● **PROBLEM DETAILS**:
Repeat the data in full. Drop every picture.

● **SOURCE MATERIAL**:
=== Begin Enclosure ===

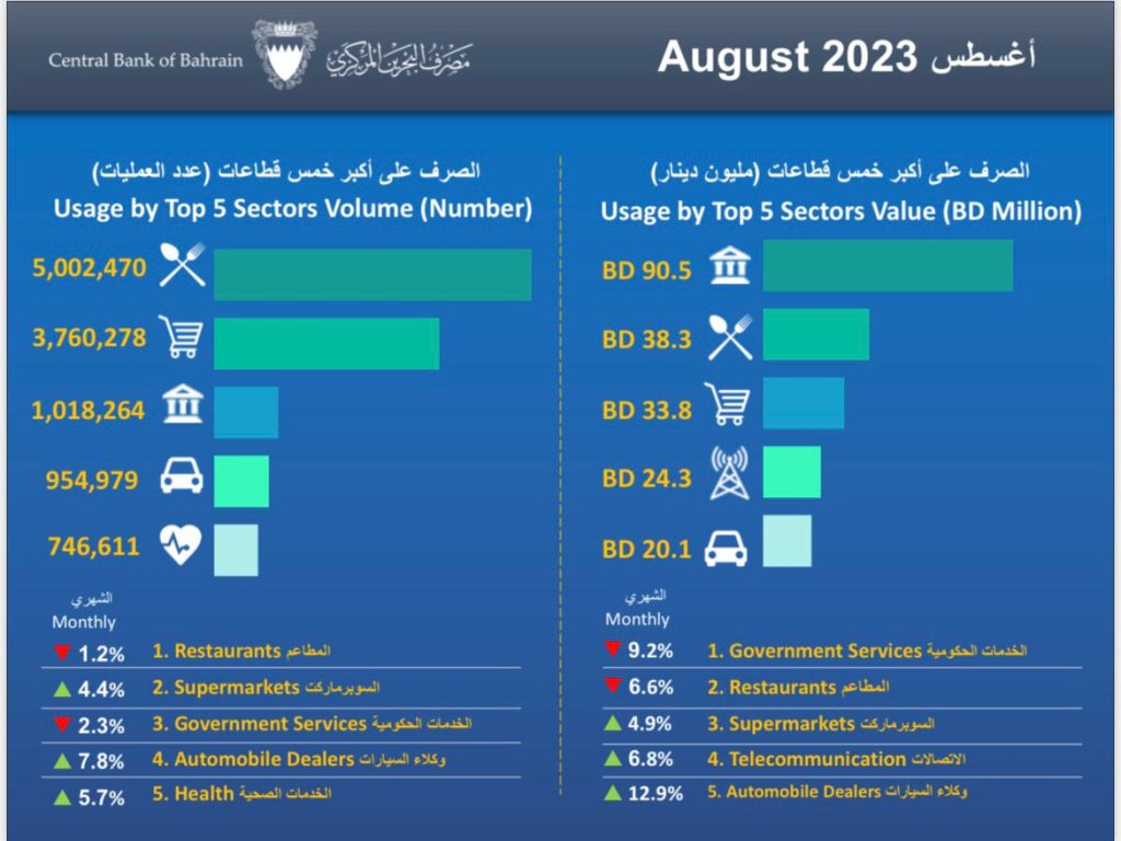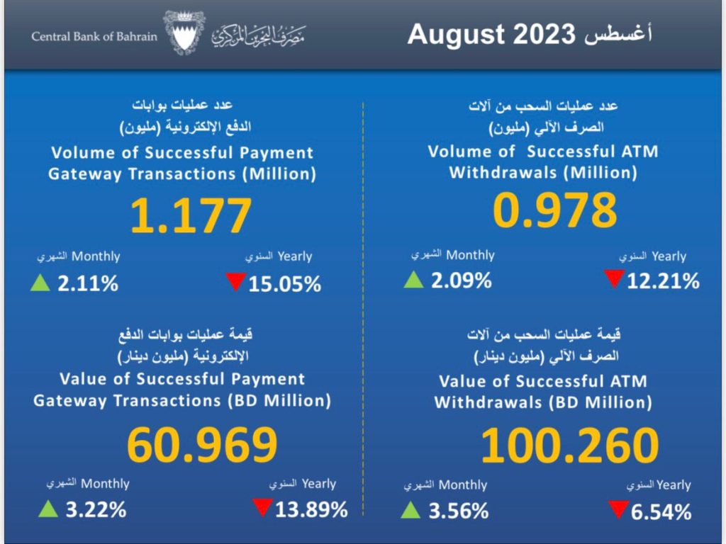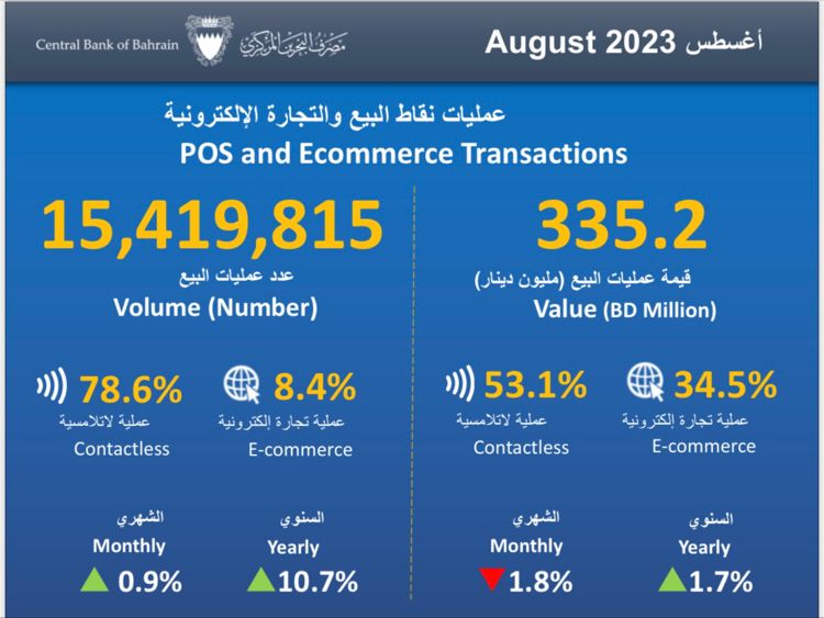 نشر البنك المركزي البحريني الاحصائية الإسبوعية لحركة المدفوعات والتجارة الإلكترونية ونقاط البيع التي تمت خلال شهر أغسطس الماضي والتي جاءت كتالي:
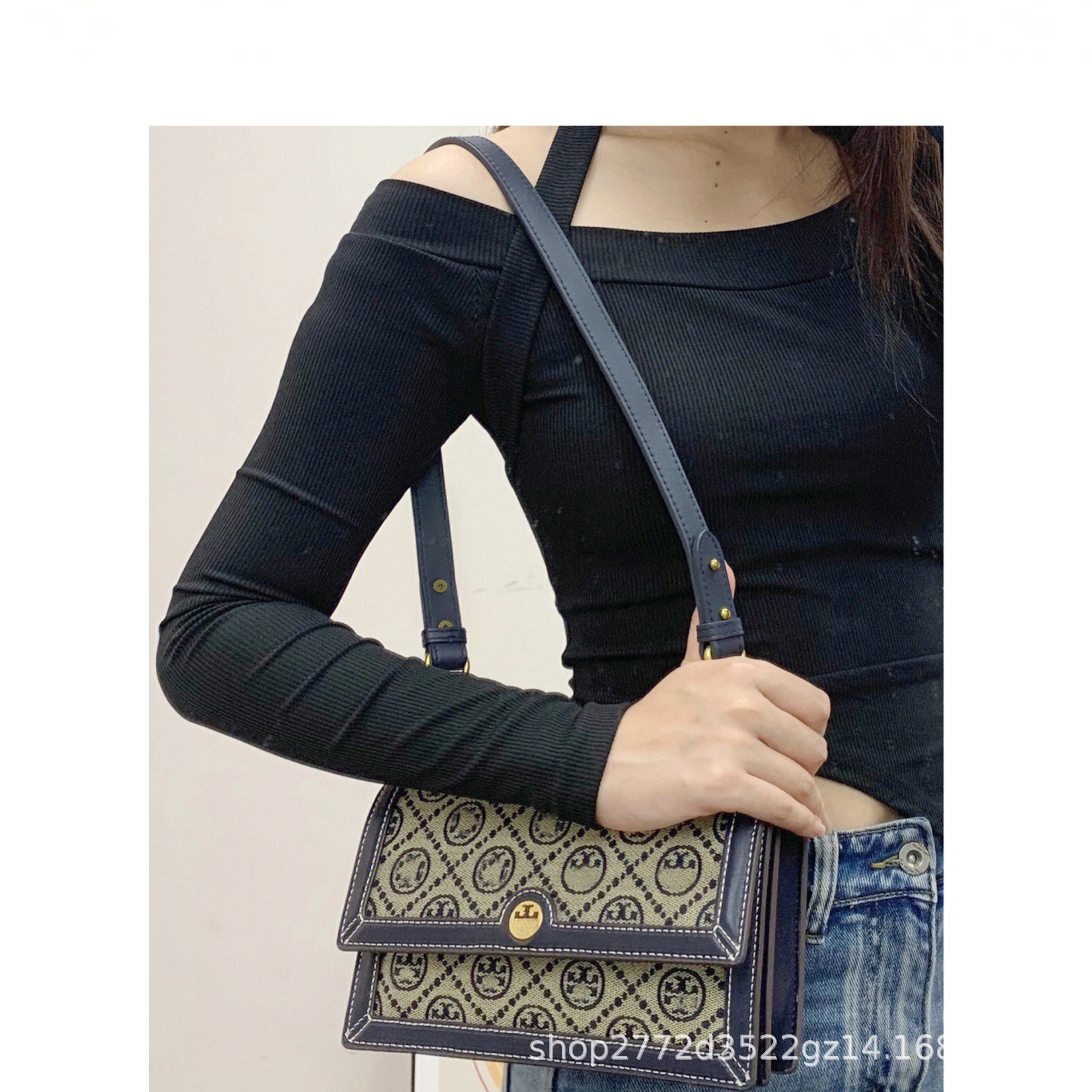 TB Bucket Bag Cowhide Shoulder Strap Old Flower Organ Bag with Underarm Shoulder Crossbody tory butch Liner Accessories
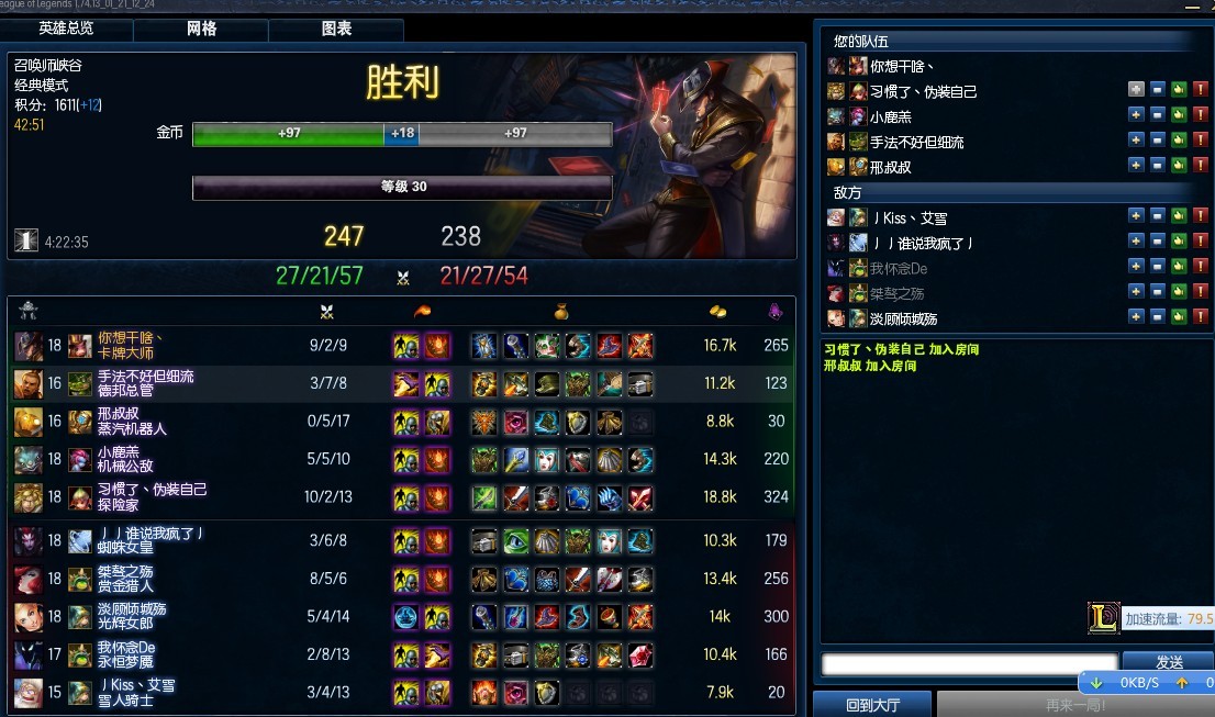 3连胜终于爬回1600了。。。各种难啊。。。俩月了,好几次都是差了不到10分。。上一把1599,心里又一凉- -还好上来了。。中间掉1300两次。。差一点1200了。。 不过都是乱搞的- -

=== End Enclosure ===

● **RESULT**:
 نشر البنك المركزي البحريني الاحصائية الإسبوعية لحركة المدفوعات والتجارة الإلكترونية ونقاط البيع التي تمت خلال شهر أغسطس الماضي والتي جاءت كتالي:
 TB Bucket Bag Cowhide Shoulder Strap Old Flower Organ Bag with Underarm Shoulder Crossbody tory butch Liner Accessories
 3连胜终于爬回1600了。。。各种难啊。。。俩月了,好几次都是差了不到10分。。上一把1599,心里又一凉- -还好上来了。。中间掉1300两次。。差一点1200了。。 不过都是乱搞的- -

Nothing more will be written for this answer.